#### ACTIVITY
Would you return the records below character for character, without any images?

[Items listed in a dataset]
·····
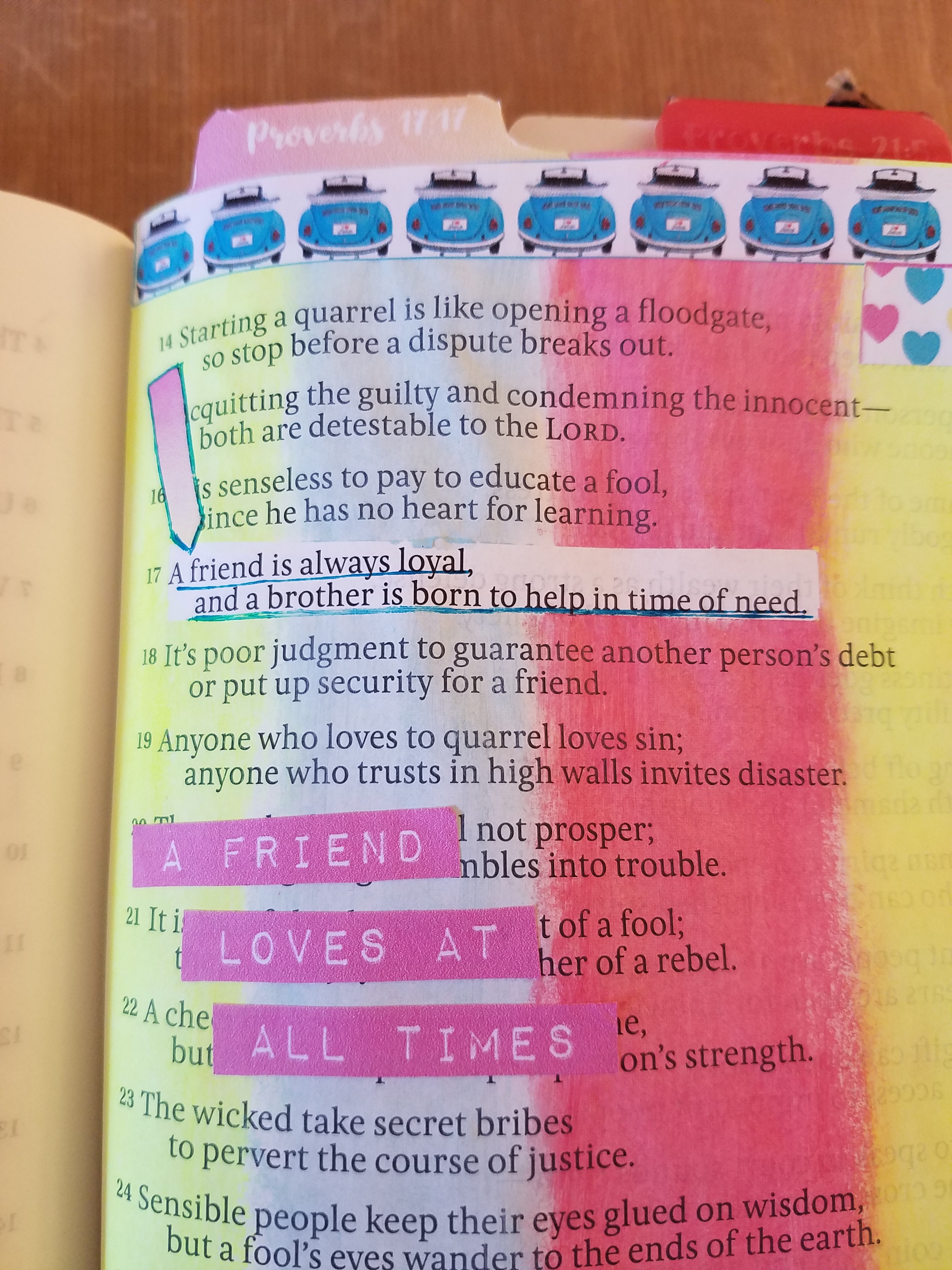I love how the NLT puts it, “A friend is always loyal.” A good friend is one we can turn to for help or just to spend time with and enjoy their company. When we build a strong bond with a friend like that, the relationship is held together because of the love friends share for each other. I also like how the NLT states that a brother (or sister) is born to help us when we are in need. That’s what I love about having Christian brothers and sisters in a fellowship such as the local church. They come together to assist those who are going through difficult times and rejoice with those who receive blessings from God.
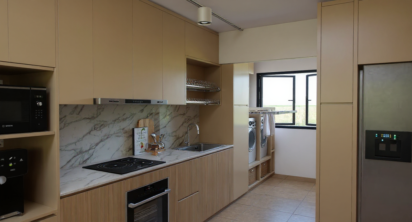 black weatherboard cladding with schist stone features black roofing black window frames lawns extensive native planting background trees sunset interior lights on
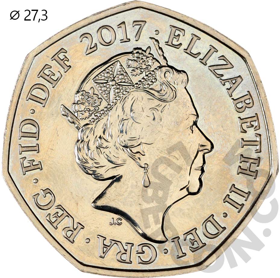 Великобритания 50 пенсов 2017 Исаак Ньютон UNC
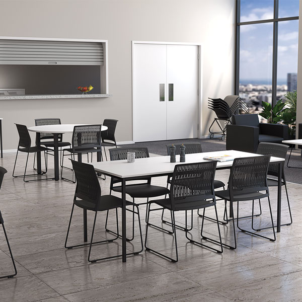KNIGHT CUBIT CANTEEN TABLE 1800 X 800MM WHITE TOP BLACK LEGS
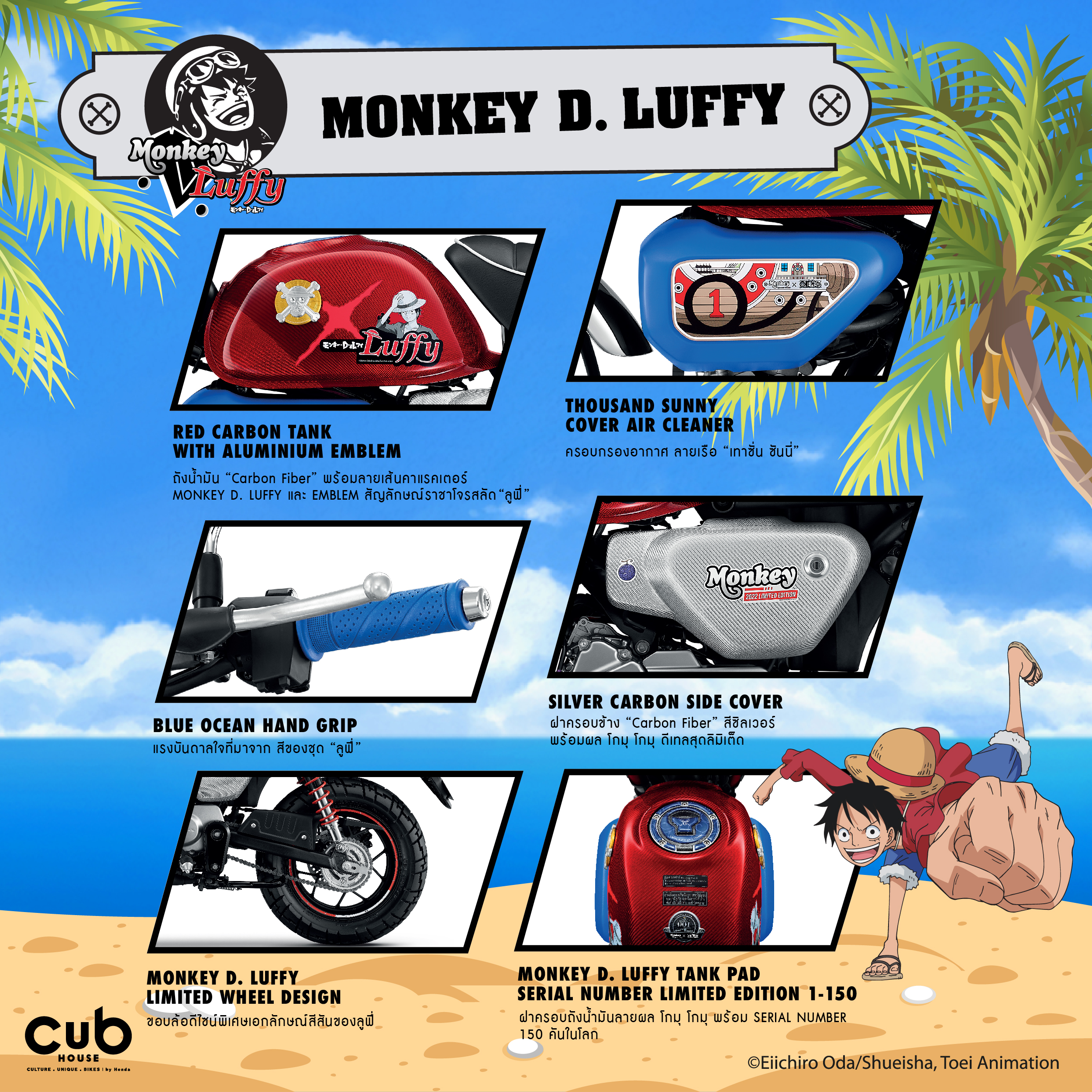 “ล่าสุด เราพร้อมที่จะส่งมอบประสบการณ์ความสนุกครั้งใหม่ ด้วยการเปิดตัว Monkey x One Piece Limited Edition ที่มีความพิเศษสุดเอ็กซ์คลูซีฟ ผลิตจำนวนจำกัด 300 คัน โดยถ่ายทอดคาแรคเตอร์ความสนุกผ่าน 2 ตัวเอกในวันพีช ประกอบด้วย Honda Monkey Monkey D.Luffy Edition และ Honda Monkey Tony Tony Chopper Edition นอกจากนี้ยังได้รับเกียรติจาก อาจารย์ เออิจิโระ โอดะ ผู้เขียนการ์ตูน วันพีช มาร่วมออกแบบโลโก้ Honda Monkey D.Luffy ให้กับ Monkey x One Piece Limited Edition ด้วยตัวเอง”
·····
#### SOLUTION BELOW
I love how the NLT puts it, “A friend is always loyal.” A good friend is one we can turn to for help or just to spend time with and enjoy their company. When we build a strong bond with a friend like that, the relationship is held together because of the love friends share for each other. I also like how the NLT states that a brother (or sister) is born to help us when we are in need. That’s what I love about having Christian brothers and sisters in a fellowship such as the local church. They come together to assist those who are going through difficult times and rejoice with those who receive blessings from God.
 black weatherboard cladding with schist stone features black roofing black window frames lawns extensive native planting background trees sunset interior lights on
 Великобритания 50 пенсов 2017 Исаак Ньютон UNC
KNIGHT CUBIT CANTEEN TABLE 1800 X 800MM WHITE TOP BLACK LEGS
 “ล่าสุด เราพร้อมที่จะส่งมอบประสบการณ์ความสนุกครั้งใหม่ ด้วยการเปิดตัว Monkey x One Piece Limited Edition ที่มีความพิเศษสุดเอ็กซ์คลูซีฟ ผลิตจำนวนจำกัด 300 คัน โดยถ่ายทอดคาแรคเตอร์ความสนุกผ่าน 2 ตัวเอกในวันพีช ประกอบด้วย Honda Monkey Monkey D.Luffy Edition และ Honda Monkey Tony Tony Chopper Edition นอกจากนี้ยังได้รับเกียรติจาก อาจารย์ เออิจิโระ โอดะ ผู้เขียนการ์ตูน วันพีช มาร่วมออกแบบโลโก้ Honda Monkey D.Luffy ให้กับ Monkey x One Piece Limited Edition ด้วยตัวเอง”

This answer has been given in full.